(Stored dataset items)
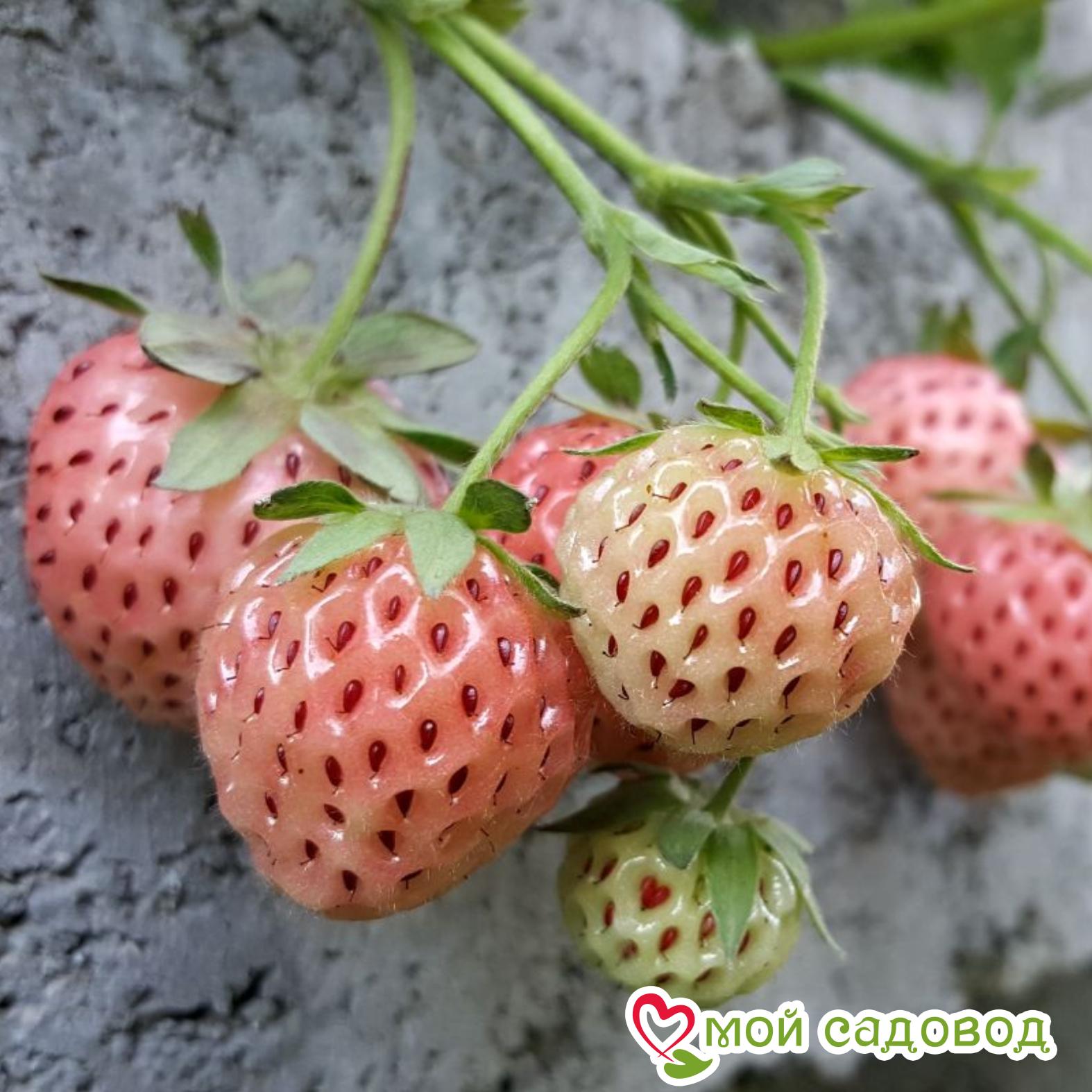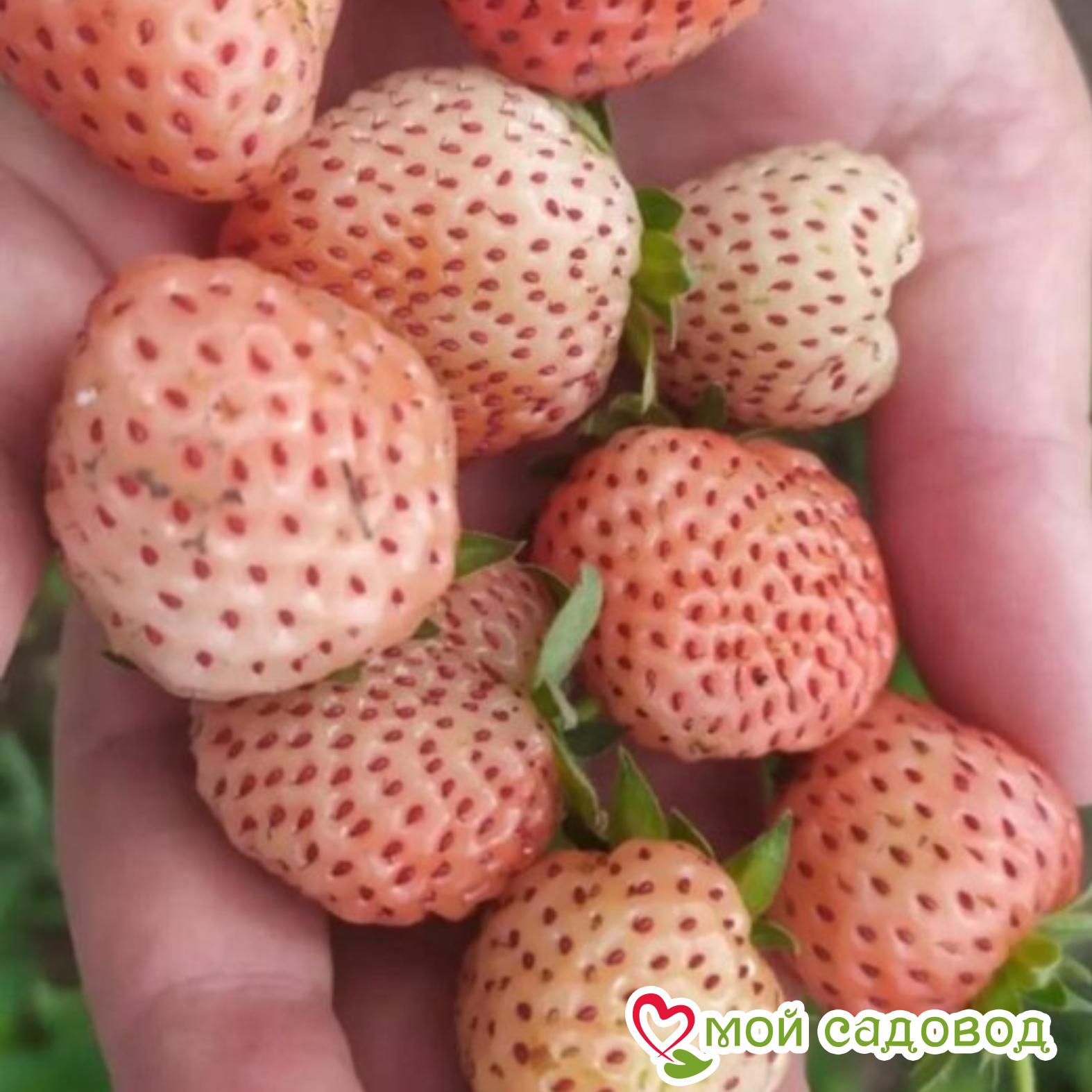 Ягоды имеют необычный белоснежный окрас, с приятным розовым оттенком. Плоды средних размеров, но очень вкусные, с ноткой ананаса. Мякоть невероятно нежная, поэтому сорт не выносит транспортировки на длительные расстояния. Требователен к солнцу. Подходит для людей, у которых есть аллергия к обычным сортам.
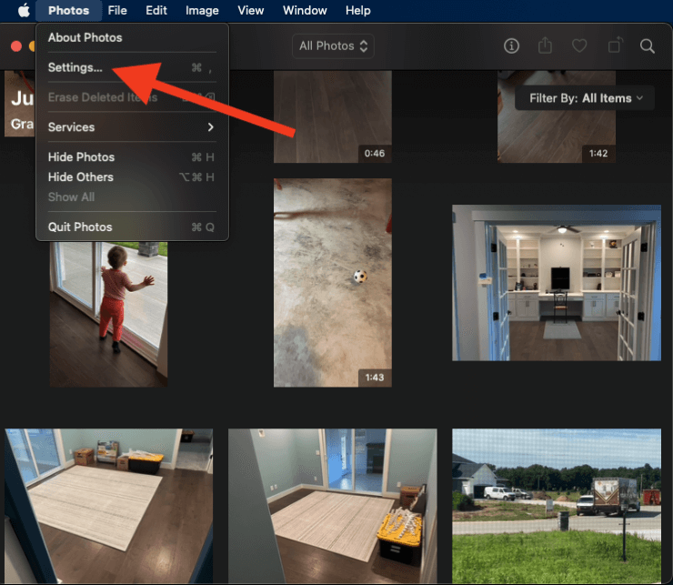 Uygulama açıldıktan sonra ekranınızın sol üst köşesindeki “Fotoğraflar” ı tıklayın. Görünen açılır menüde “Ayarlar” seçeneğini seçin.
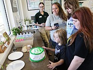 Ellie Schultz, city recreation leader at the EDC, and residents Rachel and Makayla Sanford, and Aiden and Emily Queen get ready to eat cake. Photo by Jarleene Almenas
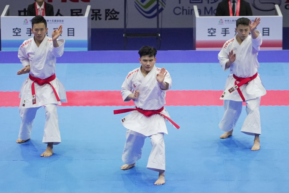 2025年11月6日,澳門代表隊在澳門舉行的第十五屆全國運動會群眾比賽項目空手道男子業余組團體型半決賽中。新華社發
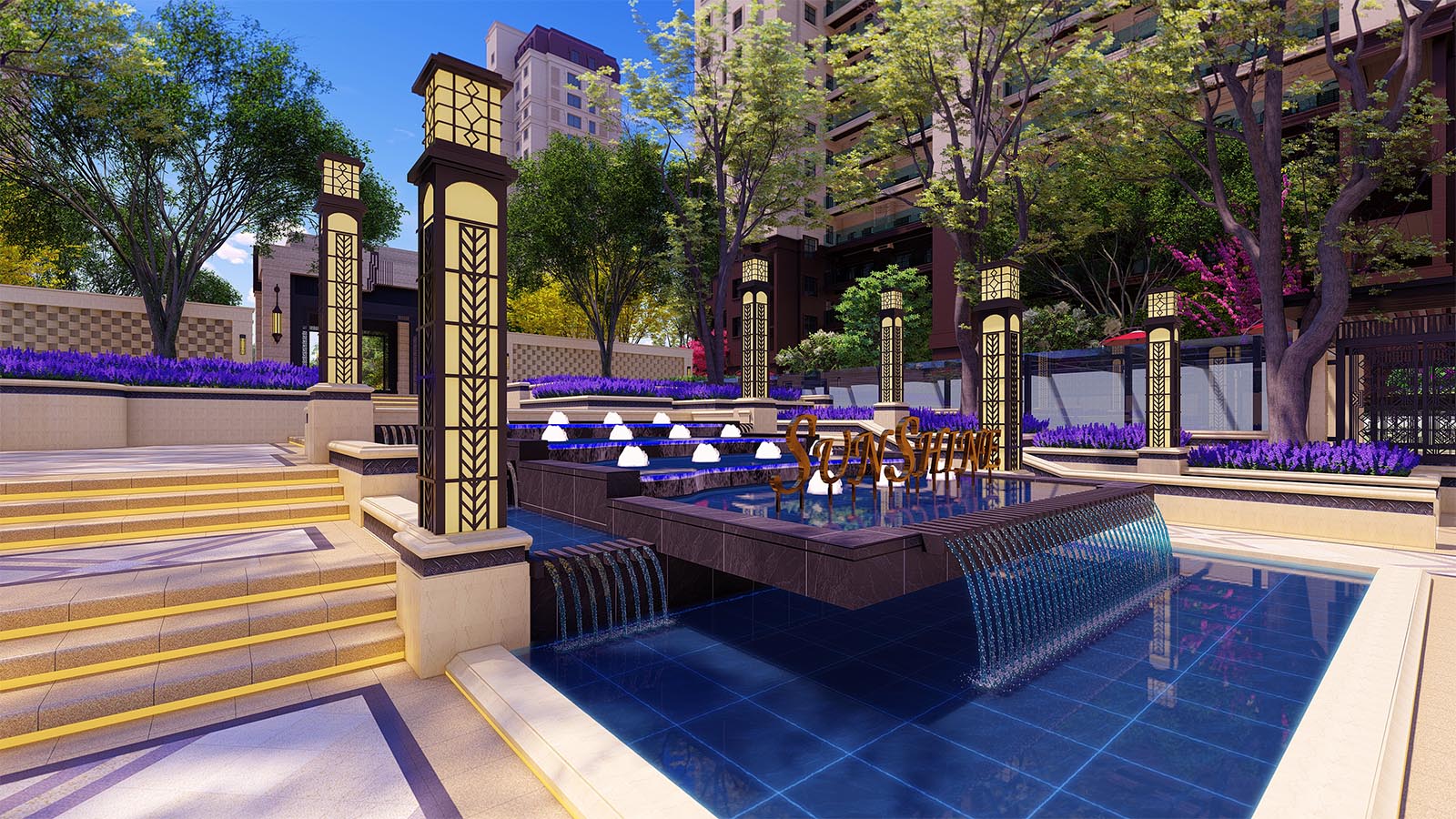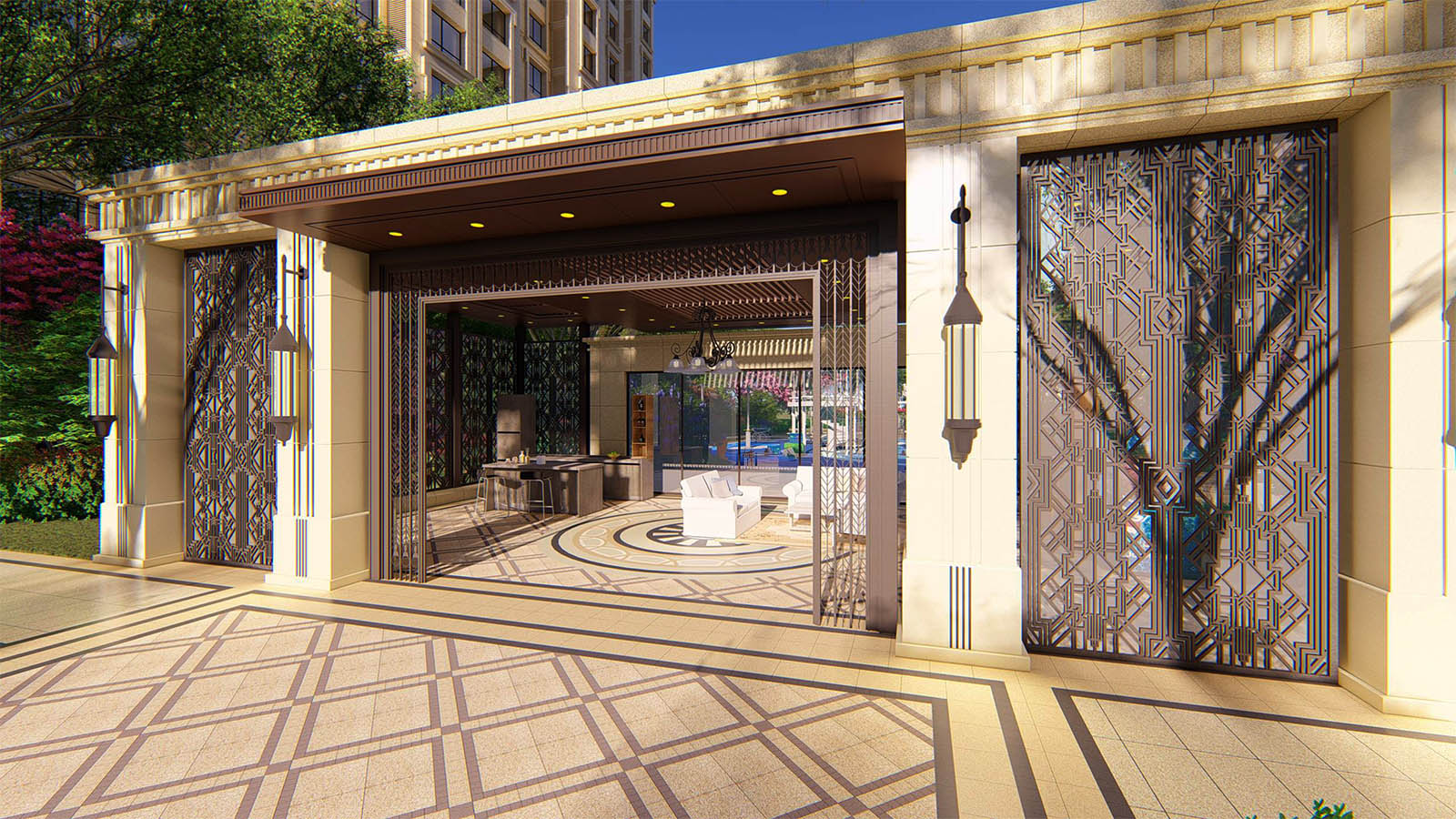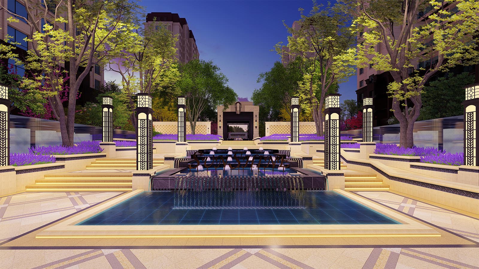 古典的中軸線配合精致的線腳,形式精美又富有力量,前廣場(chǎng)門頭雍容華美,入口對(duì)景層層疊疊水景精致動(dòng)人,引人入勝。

- YOUR INSTRUCTIONS -
Your output must match the records word for word, apart from the images, which are left out.

- REPLY -
 Ягоды имеют необычный белоснежный окрас, с приятным розовым оттенком. Плоды средних размеров, но очень вкусные, с ноткой ананаса. Мякоть невероятно нежная, поэтому сорт не выносит транспортировки на длительные расстояния. Требователен к солнцу. Подходит для людей, у которых есть аллергия к обычным сортам.
 Uygulama açıldıktan sonra ekranınızın sol üst köşesindeki “Fotoğraflar” ı tıklayın. Görünen açılır menüde “Ayarlar” seçeneğini seçin.
 Ellie Schultz, city recreation leader at the EDC, and residents Rachel and Makayla Sanford, and Aiden and Emily Queen get ready to eat cake. Photo by Jarleene Almenas
 2025年11月6日,澳門代表隊在澳門舉行的第十五屆全國運動會群眾比賽項目空手道男子業余組團體型半決賽中。新華社發
 古典的中軸線配合精致的線腳,形式精美又富有力量,前廣場(chǎng)門頭雍容華美,入口對(duì)景層層疊疊水景精致動(dòng)人,引人入勝。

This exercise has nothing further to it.